无题
这一觉睡了好长时间,久到她以为自己不会再醒过来。
情人岛事件结束的第三天下午,江晚的生命体征稳定,从重症监护室转到了专用病房。
至于什么时候会醒过来,医生也不能给出一个稳定的答复。
沉重的眼皮缓缓撑开,瞳孔无神,有些恍惚。
左手上还扎着针,输液瓶里的药液还剩大半,医院里独有的消毒水气味跑进鼻腔,她这才意识到自己还活着。
长时间未进食的嗓子沙哑地说不出话,嘴唇干裂。
江母在病床边守了一夜,悠悠转醒时刚好碰到江晚清醒。
“醒了就好,醒了就好。”她摸着江晚的手,眼睛一点也不敢眨地看着她消瘦的脸,仿佛下一秒就看不到了。
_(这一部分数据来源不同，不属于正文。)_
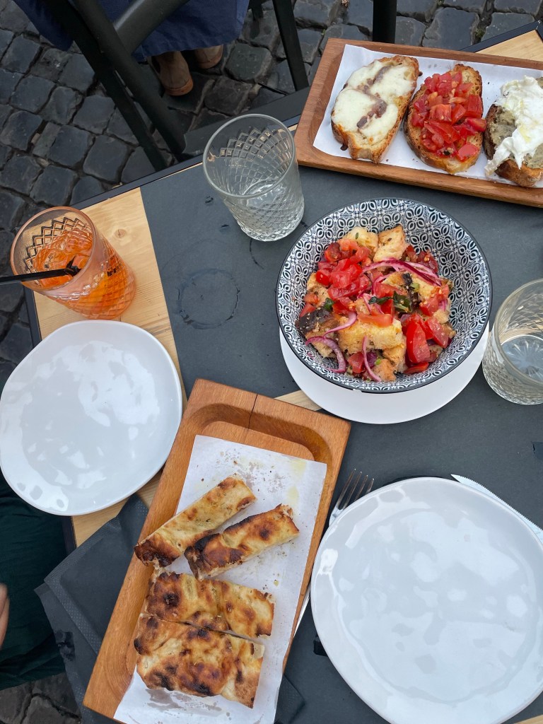 ‘s Avonds weer eten in de Trastevere, het is een mooi wijkje en we kunnen er op onze fietsjes zo heen. We kunnen overleven op de voorgerechten: panzanella en bruschetta.
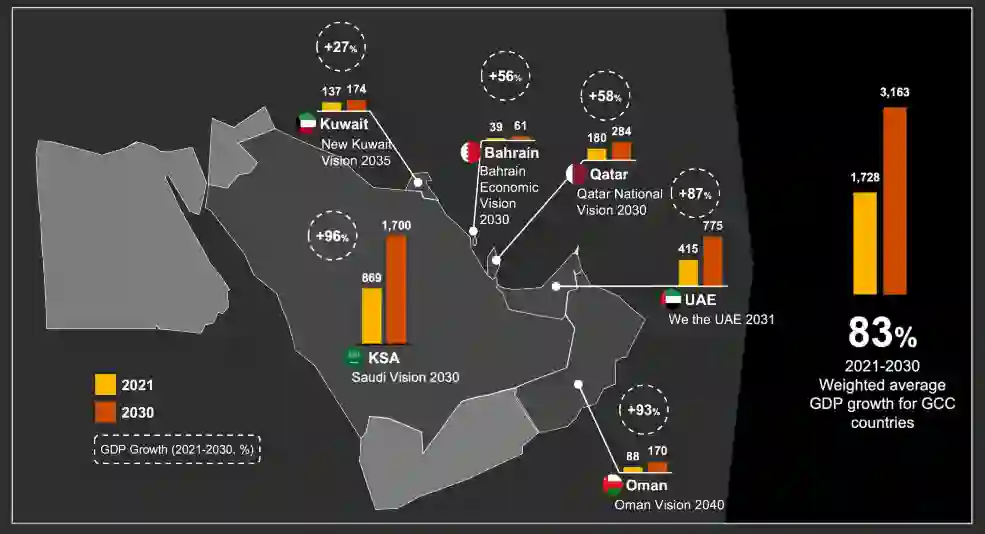 海合会各国提出的国家愿景认识到,数字技术和新兴技术在实现经济持续增长方面发挥着至关重要的作用,它们与其他推动因素一起,将该地区的国内生产总值从 2021 年的 170 亿美元提升到 2030 年 320 亿美元的目标--增长率高达 83%。
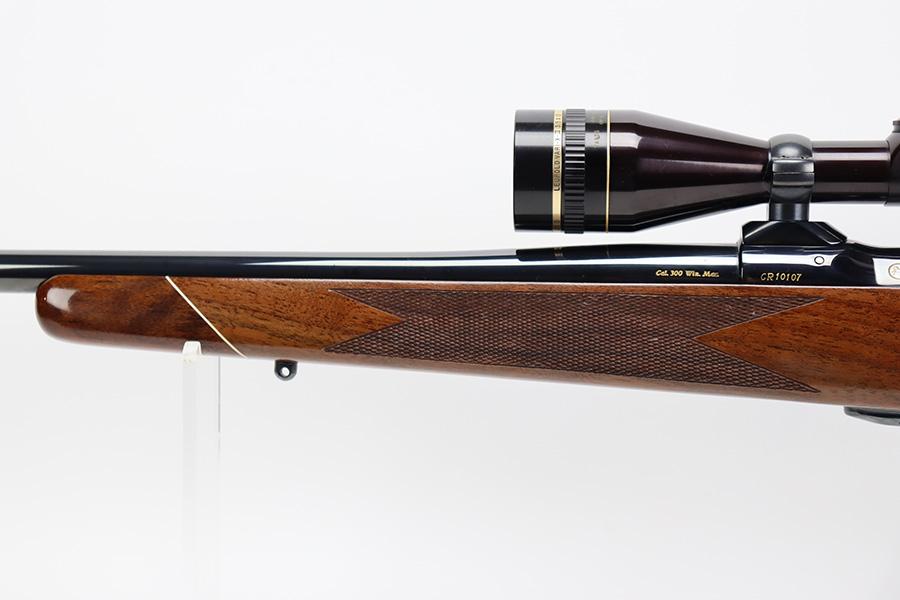 8/17/23 – This is a gorgeous example of a Colt Sauer Sporting Rifle, manufactured in 1976 and chambered in .300 Winchester Magnum. Comes equipped with a fantastic Leupold Vari-X III 3.5x10mm rifle scope (excellent, clear optics). The gun itself has a beautiful high polish finish and is in like-new condition with essentially no signs of wear. Beautiful wood stock. Mint bore. The action is extremely smooth.
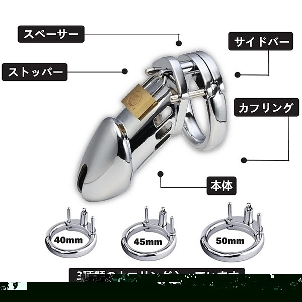 BDSMの代表的な道具で支配と服従の快楽を!シンプルなデザインのため簡単に装着できます。3つのサイズのリングがありますのでお好きなサイズで楽しめます。先端にスリットが入っているので普段通りに生活することが出来ます。合金製のため、お湯やアルコールで安全に洗い落とせます。●6000L
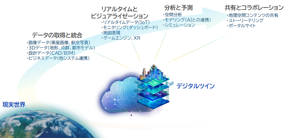 デジタルツインは、単なる3Dモデルではなく、データの取得・統合から、分析・予測、共有・協力までを支える情報ライフサイクル全体を包含する概念です。ArcGIS はこのライフサイクルを支えるエコシステムとして、現場とオフィス、行政と市民、設計者と運用者をつなぐ「デジタル神経系」の役割を果たしています。

医生简单的评估江晚的身体情况,“患者可以少喝点温水润润嗓子,过几个小时少用点流食或者营养汤,切记不要喝太多。”
就着杯子喝了小半杯水,已经过去一个小时,期间她是说不出话,母亲却是一言不发,目光紧紧追随着她的动作。
江母应该是好几天没睡好了,发型不似从前那般朗利,深深的黑眼圈,整个人都很憔悴。
江晚的记忆中,她永远是那副云淡风轻的人,一个人操持着大公司,自信又张扬,无论多大的问题她都能轻而易举的解决。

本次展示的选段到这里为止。